# Gargoyle Prosthetic Mask...



## Curlgoddess (Sep 23, 2008)

Ok, I need some advice/guidance on these masks that are glued onto your face. 

My husband has contemplated trying one of these for years, but wasn't sure about how difficult/time consuming/comfortable these things would be. This year, he is once again thinking about giving this thing a shot, so, if anyone has used these before, your advice and opinions would be greatly appreciated!

Thank you!


----------



## Push Eject (Oct 11, 2005)

The results are amazing, but you will needs a couple of hours.

The first year I did it, it took me about 30 minutes to apply it and then 90 minutes to make it up, if I remember correctly.


----------



## Curlgoddess (Sep 23, 2008)

Push Eject said:


> The results are amazing, but you will needs a couple of hours.
> 
> The first year I did it, it took me about 30 minutes to apply it and then 90 minutes to make it up, if I remember correctly.


 
That does look awesome! Wonderful job. Thanks for sharing =)

The mask that we're looking at is painted all ready, so I guess the only make-up that we'd actually have to apply would be around the eyes.

Is it fairly comfortable to wear?


----------



## Pat-f (Oct 15, 2006)

I hope this is not too obvious to post, but try applying it before the big day, so that when you go to do it on the big day, it's not your first time. You'll still need to do some make up to blend it in, both in color, and the surface. Try it at least once beforehand. I made the mistake of not trying it out beforehand, and the results were embarrassing.


----------



## Curlgoddess (Sep 23, 2008)

Pat-f said:


> I hope this is not too obvious to post, but try applying it before the big day, so that when you go to do it on the big day, it's not your first time. You'll still need to do some make up to blend it in, both in color, and the surface. Try it at least once beforehand. I made the mistake of not trying it out beforehand, and the results were embarrassing.

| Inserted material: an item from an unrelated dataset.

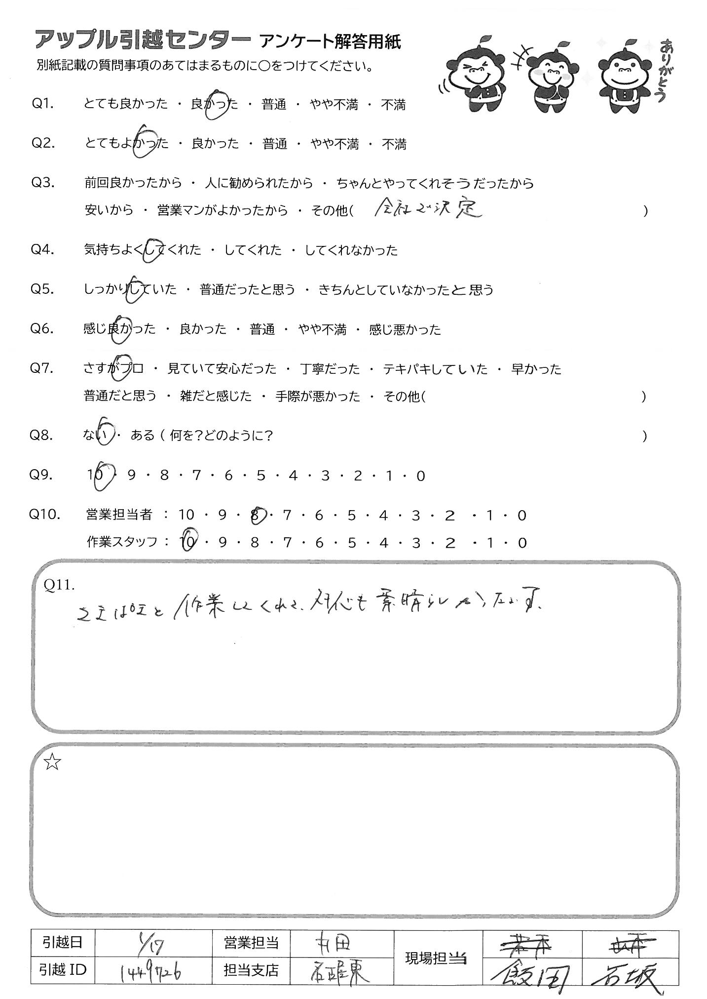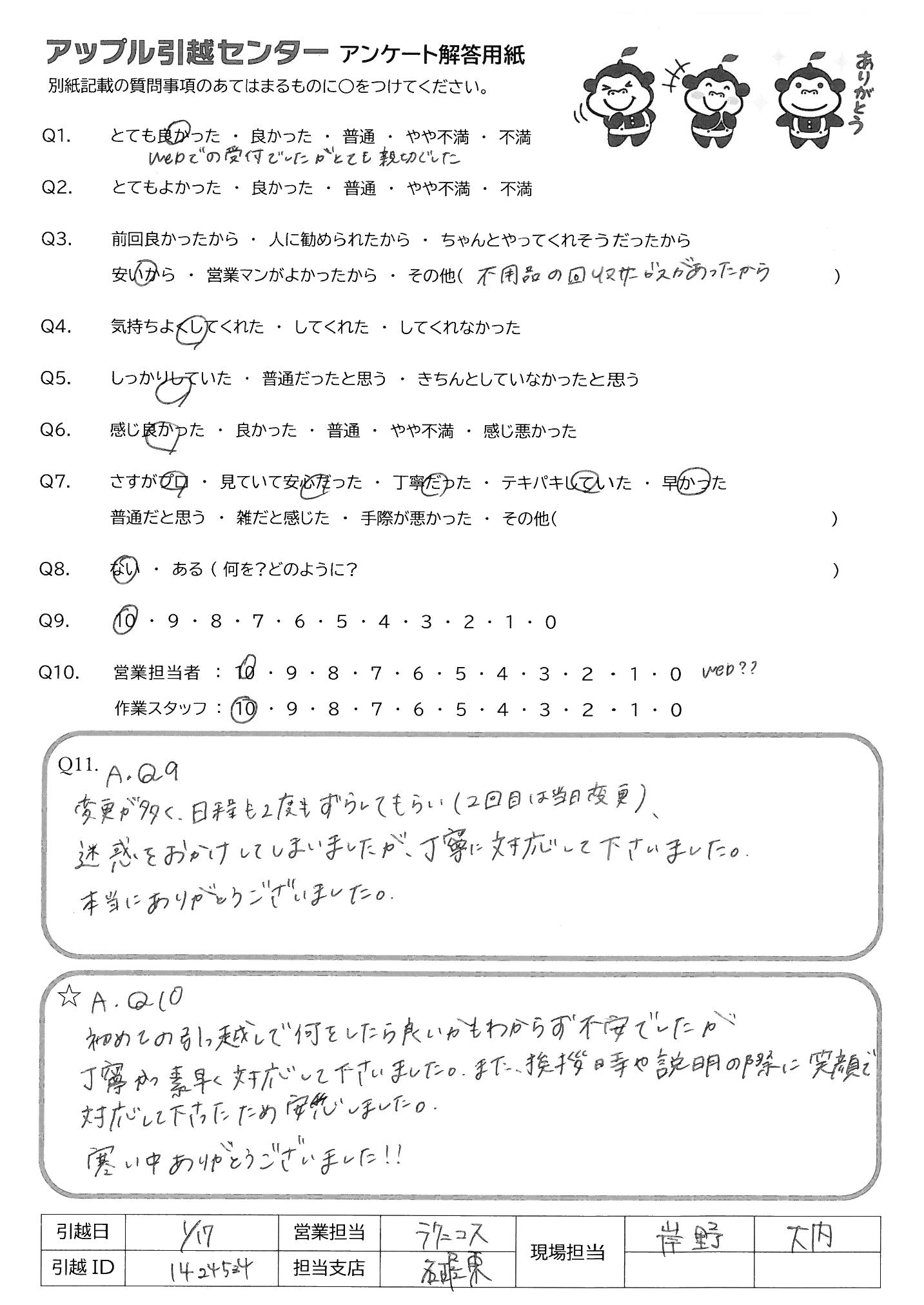 A.A.Q10 初めての引っ越しで何をしたら良いかもわからず不安でしたが 丁寧かつ素早く対応して下さいました。また、挨拶時や説明の際に笑顔で対応して下さったため、安心しました。 寒い中ありがとうございました!!
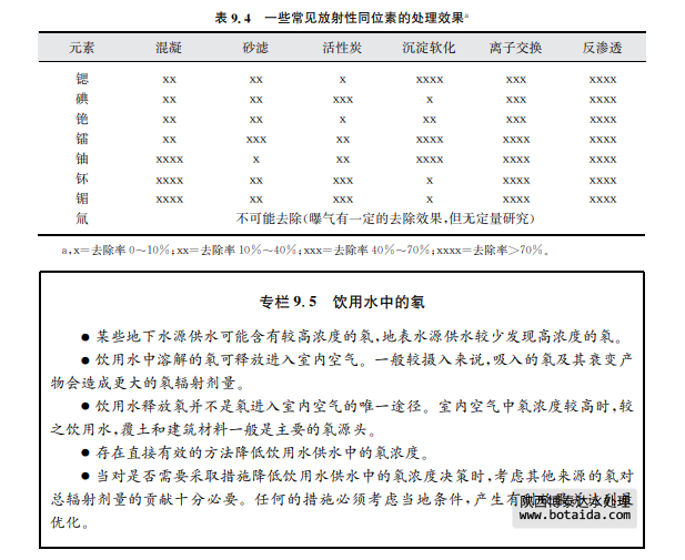 鈾、鐳以及氡都溶解于水。地表水(如江河湖泊)中含有氡,在水流過(guò)巖石和土壤過(guò)程中 易因攪動(dòng)作用釋放到大氣中。泉水和井水等地下水通常比地表水含有更高的氡,在比較極端的情況下,這類(lèi)水源作為飲用水供應(yīng)可能含有極高含量的氡(見(jiàn)專(zhuān)欄9.5)。

Yes, I will most certainly take your advice on that! I'll be the one doing it all for him, so I want to make sure that I can actually do it, especially since I reassuring him, 'I've got this!' >=) Hopefully I'm right!


----------



## Push Eject (Oct 11, 2005)

Good advice about trying it first.

Painted or not you will be doing makeup for sure to blend the edges in as you noted (about the eyes).

It is very comfortable, but keep a little bottle of liquid latex handy in case a spot around the lips should pop free after a few pints.


----------